VENTURA, Calif. (KABC) -- More than four dozen families are suing Southern California Edison because they believe the utility started the destructive Thomas Fire, and some of those residents spoke out Friday.

Attorney Alexander Robertson is representing the victims.

"The aim is to try to get people back to full recovery. Most people are underinsured for wildfire and so our lawsuit seeks to try to make up that difference from what isn't covered by insurance," he said.

The Thomas Fire, considered the largest fire in California's modern history, charred more than 280,000 acres and destroyed over 1,000 structures in Ventura and Santa Barbara counties, with most of those being homes.

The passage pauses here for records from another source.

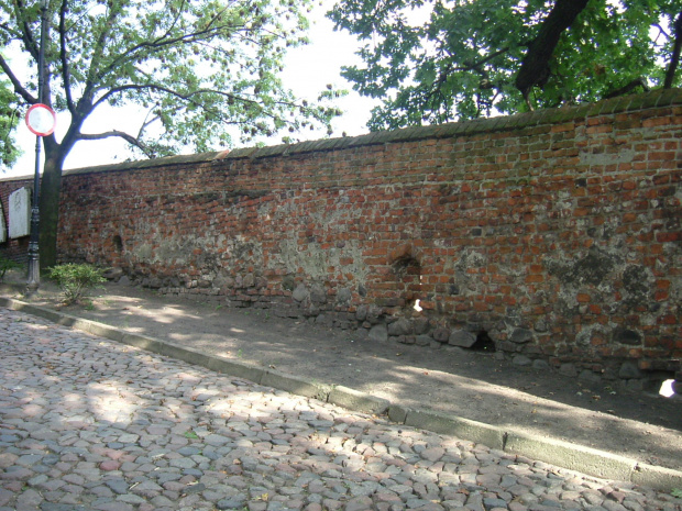 Interesującą informację zawiera kolorowa panorama E. J. Dahlberdha, wykonana przez W. Swidde z 1694 r. , (4). Na tej panoramie jej autor wyraźnie odróżnił budowle konstrukcje drewniane od murowanych. Za mostem Bramy Łasińskiej zaznaczył wzdłuż obecnej ulicy starej ceglany mur kurtynowy. Kurtyny wykonano także w formie drewnianych palisad. Zapewne ostatni zachowany relikt takiego muru kurtynowego w tym rejonie ze średniowiecza rozebrano zniszczono we wrześniu 2017, rozbierając kamienice przy ul. Kościelnej 31. W sieni tej kamienicy był fragment takiego muru kurtynowego z blendami. Obecnie taki mur kurtynowy można np. zobaczyć na zamku krzyżackim w Toruniu.
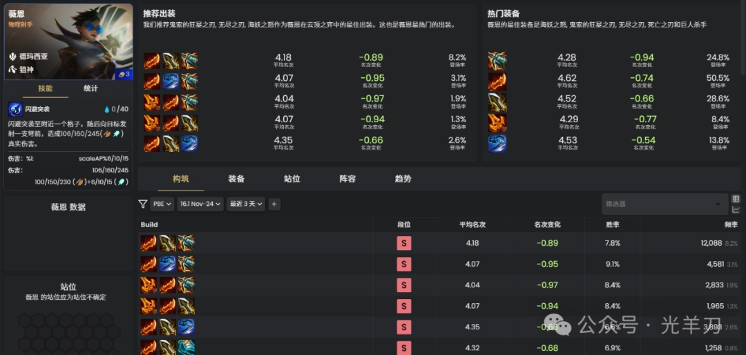 推荐鬼索的狂暴之刃,无尽之刃,海妖之怒作为薇恩在云顶之弈中的最佳出装。这也是薇恩最热门的出装。
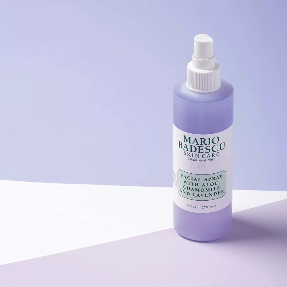 امنحي وجهك دفعة ترطيب مريحة باستخدام بخاخ ماريو بديسكيو الذي يغذي البشرة بمواد نباتية مهدئة وملطفة منها خلاصة الصبار والبابونج ومياه اللافندر
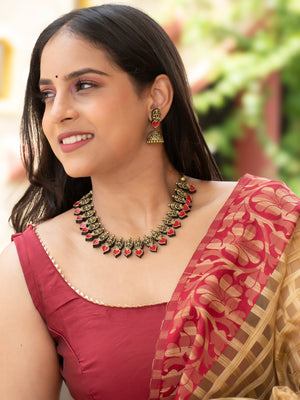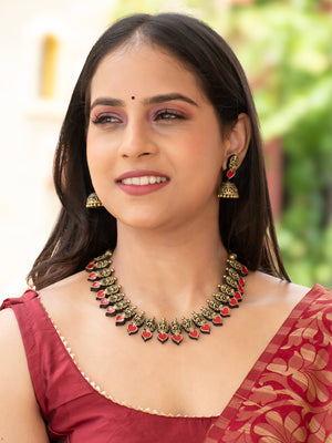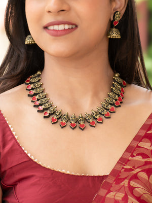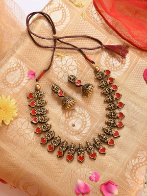 Antique Gold Red Lakshmi Design Temple Terracotta Necklace Set
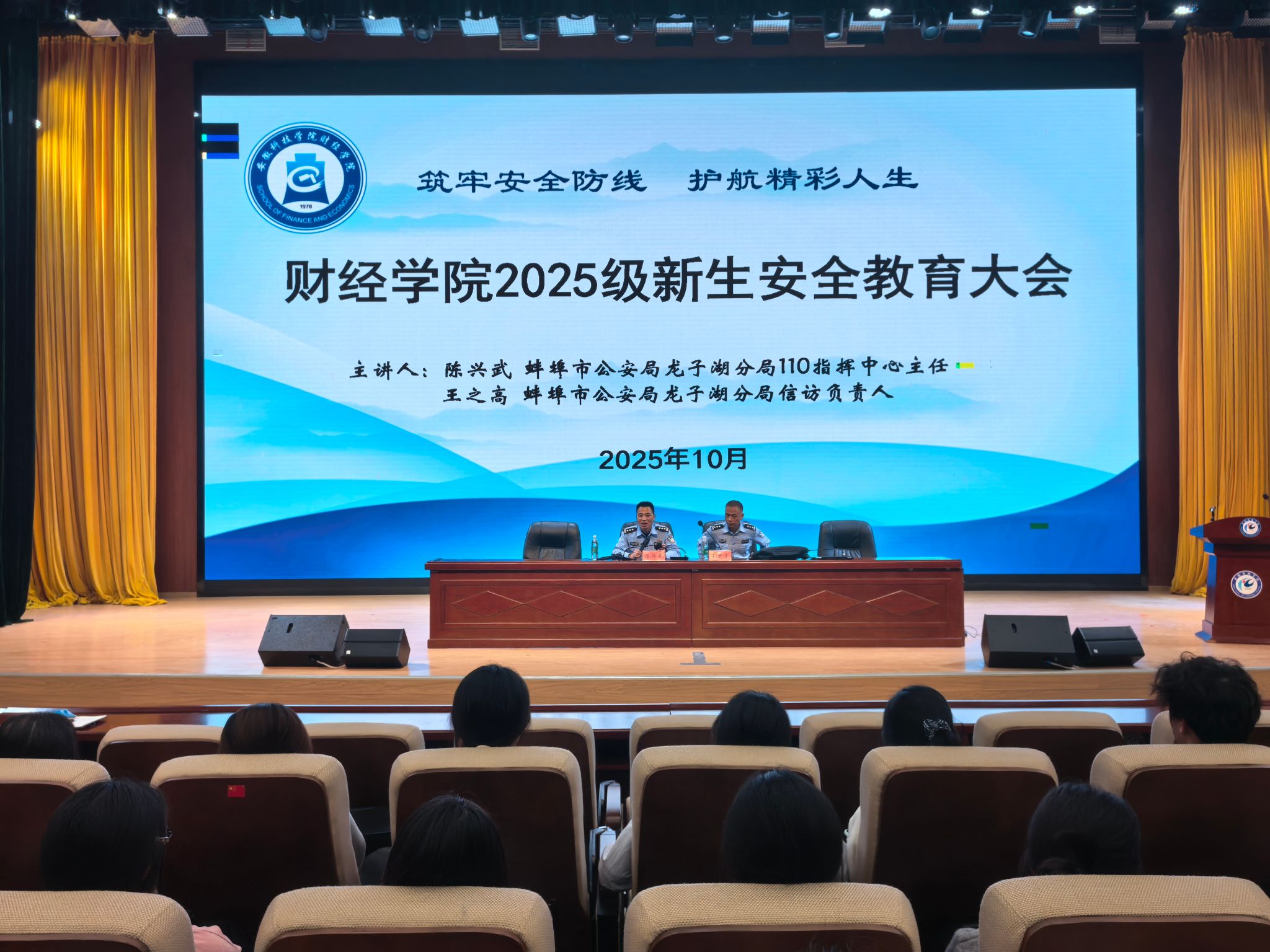 为增强2025级新生安全防范意识,筑牢新生校园安全防线,10月11日,财经学院在东辅楼二楼报告厅召开2025级新生安全教育大会。会议由学院党委副书记、纪委书记耿广汉主持,蚌埠市公安局龙子湖分局110指挥中心主任陈兴武、分局信访负责人王之高主讲,2025级辅导员及全体新生参会。

Aerial footage captured by the ABC7 drone showed entire streets where homes were burned to the ground. While the cause of the fire remains under investigation, in mid-December Cal Fire officials said they were investigating whether SoCal Edison played a role in causing the fire, along with others that sparked in Southern California.

"We represent the first 911 caller that first called in the Thomas Fire down in Santa Paula. So based on their eyewitness accounts we feel very confident that we know how the fire started and where it started," Robertson said.

Amanda Lewis' parents' home, like many others on its street, was reduced to ashes and memories. Her family is part of the group suing the Los Angeles-based utility company. She said she trusts the court system to help them and their neighbors rebuild.

"Anybody in the city, every day when we wake up we will look at this hill. I know, for me, it was a ritual to look up at the green hill and take a deep breath and say a prayer for my day," she said. "But now I look up at the hill and all I see is blackness."

Eyewitness News reached out to SoCal Edison for comment, but it said it could not comment on pending litigation because of the Cal Fire investigation that is underway.

One resident, Rick Ray, captured video of his neighborhood completely destroyed, but his home survived.

"It's tragic now just to see it as a pile of ash. Everywhere, you see houses like this," he said.

Robertson said the lawsuits could take a year or two to go through the court system unless the company and everyone involved settles the case.

In addition to Robertson's suits, a class-action lawsuit was filed by attorney William Weilbacher. That claim also alleges that Southern California Edison was negligent in monitoring equipment in Santa Paula that somehow failed and caused the blaze.

Damages amounts were not specified in the lawsuits.